Task brief: In the entries that follow, the lines from the one with "Las ramas de" through the one with "Lit tapissé –" are the ones to write out, exactly and with both ends included. Nothing else should appear.

Source information:
════

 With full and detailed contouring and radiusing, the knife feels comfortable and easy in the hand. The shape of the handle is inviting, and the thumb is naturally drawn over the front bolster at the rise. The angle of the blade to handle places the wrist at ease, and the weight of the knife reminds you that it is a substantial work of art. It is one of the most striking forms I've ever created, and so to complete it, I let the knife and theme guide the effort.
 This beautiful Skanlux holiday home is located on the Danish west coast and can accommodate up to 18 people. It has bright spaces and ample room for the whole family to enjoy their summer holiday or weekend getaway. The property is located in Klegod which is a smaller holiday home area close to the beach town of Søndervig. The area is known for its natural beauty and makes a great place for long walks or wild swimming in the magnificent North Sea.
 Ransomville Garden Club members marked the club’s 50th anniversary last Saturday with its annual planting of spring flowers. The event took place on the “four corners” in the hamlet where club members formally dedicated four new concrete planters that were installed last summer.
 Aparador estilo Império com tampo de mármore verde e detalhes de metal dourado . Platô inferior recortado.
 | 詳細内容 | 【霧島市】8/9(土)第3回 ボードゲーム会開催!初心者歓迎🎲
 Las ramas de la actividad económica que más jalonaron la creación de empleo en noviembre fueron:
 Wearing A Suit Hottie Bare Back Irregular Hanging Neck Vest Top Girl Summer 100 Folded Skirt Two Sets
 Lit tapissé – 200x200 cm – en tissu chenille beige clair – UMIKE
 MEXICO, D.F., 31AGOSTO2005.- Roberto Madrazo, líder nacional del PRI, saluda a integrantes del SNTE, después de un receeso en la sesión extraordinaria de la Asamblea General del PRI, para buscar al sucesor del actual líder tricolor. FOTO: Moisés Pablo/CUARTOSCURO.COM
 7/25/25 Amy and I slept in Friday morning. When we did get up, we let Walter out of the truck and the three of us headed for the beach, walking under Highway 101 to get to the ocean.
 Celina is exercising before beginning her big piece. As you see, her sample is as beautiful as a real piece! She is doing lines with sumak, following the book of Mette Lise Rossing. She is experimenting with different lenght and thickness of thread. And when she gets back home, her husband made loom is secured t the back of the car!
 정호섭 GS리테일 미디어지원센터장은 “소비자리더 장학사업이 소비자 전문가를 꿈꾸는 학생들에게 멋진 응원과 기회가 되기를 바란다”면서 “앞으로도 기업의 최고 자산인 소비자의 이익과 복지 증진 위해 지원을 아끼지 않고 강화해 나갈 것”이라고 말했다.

════

Task output:
 Las ramas de la actividad económica que más jalonaron la creación de empleo en noviembre fueron:
 Wearing A Suit Hottie Bare Back Irregular Hanging Neck Vest Top Girl Summer 100 Folded Skirt Two Sets
 Lit tapissé – 200x200 cm – en tissu chenille beige clair – UMIKE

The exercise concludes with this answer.